Dalam beberapa tahun terakhir, perusahaan rekaman besar seperti Universal juga telah menandatangani kesepakatan untuk mempromosikan musik baru di TikTok. Metode ini menghemat anggaran — lebih murah dari bentuk promosi lain. Influencer telah dibayar untuk joget mengikuti iringan lagu.
Akan tetapi, di tengah kejayaan bintang TikTok, label rekaman mati-matian mengikuti fenomena yang sebelumnya tidak melibatkan mereka. Ini menimbulkan masalah ketika kontrol sebesar ini dilempar ke musisi yang sudah mapan.
Strategi promosi TikTok mengingatkan kita pada awal kemunculan MTV yang memopulerkan video klip. Kala itu, musik disulap menjadi metode komersialisasi ketimbang bentuk seni. Band-band papan atas seperti Pearl Jam bahkan menentangnya dengan keras. Mereka yakin dengan adanya video klip, ini merampas kemampuan pendengar menginterpretasi sendiri lagunya.
Sementara komersialisasi video klip terjadi puluhan tahun sebelum promosi TikTok, kedua metode ini menjadi pertanda langkah berikutnya dalam perkembangan industri musik, terlepas para musisi menginginkannya atau tidak.
Untuk saat ini, promosi TikTok merupakan momen yang berkembang dalam penderitaan industri — mengangkat tabir tapi juga memperkeruh keadaan.
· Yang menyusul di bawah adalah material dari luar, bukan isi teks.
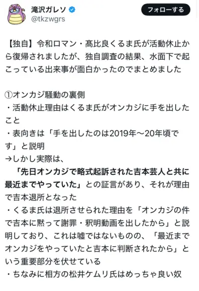 【悲報】令和ロマンくるま、ガレソに追撃暴露され逝くwwwwwwww
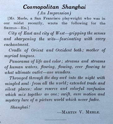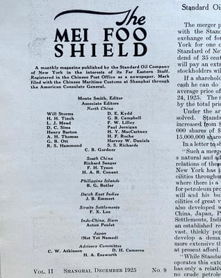 The Mei Foo Shield was the "monthly magazine published by the Standard Oil Company of New York in the interests of its Far Eastern Staff". More on SOCONY in our previous article here.

Selain itu, tak ada yang bisa memastikan apakah ini memang trik pemasaran atau tidak — serta apakah musisi ikut andil di dalamnya atau tidak.
Mungkin protes ini hanya mentalitas musisi lama yang tidak terbiasa dengan cara baru, di mana musisi mapan merasa terganggu oleh kemungkinan harus menggaet pendengar lebih muda lewat sarana yang kurang familiar bagi mereka. Lagi pula, ini cara komodifikasi baru, yang menurut beberapa orang bertentangan dengan esensi seni yang sesungguhnya.